§ **Supplied records**:
--- START ---
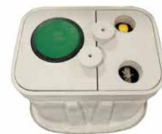
Vault for ST-1600-B system
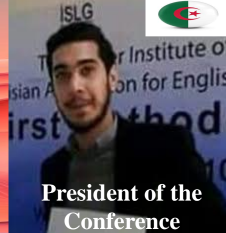
President of the Conference
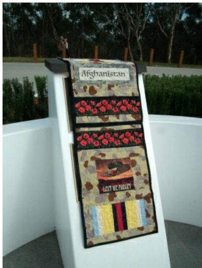
The unveiling of the Afghanistan plaque at the Albury War Memorial.
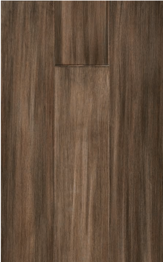
7102 DENALI BAMBOO
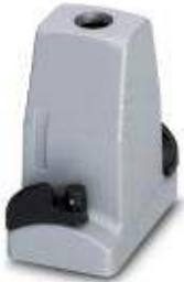
HEAVYCON ADVANCE EMV sleeve housing B6, with bayonet locking, height 100 mm, with 1x M20 thread, straight cable outlet

Please be informed that the data shown in this PDF Document is generated from our Online Catalog. Please find the complete data in the user's documentation. Our General Terms of Use for Downloads are valid ( http://download.phoenixcontact.com )
--- END ---
§ **Task brief**: Copy the listing in full and without alteration, omitting every picture.

§ **Answer section**:
Vault for ST-1600-B system
President of the Conference
The unveiling of the Afghanistan plaque at the Albury War Memorial.
7102 DENALI BAMBOO
HEAVYCON ADVANCE EMV sleeve housing B6, with bayonet locking, height 100 mm, with 1x M20 thread, straight cable outlet

Please be informed that the data shown in this PDF Document is generated from our Online Catalog. Please find the complete data in the user's documentation. Our General Terms of Use for Downloads are valid ( http://download.phoenixcontact.com )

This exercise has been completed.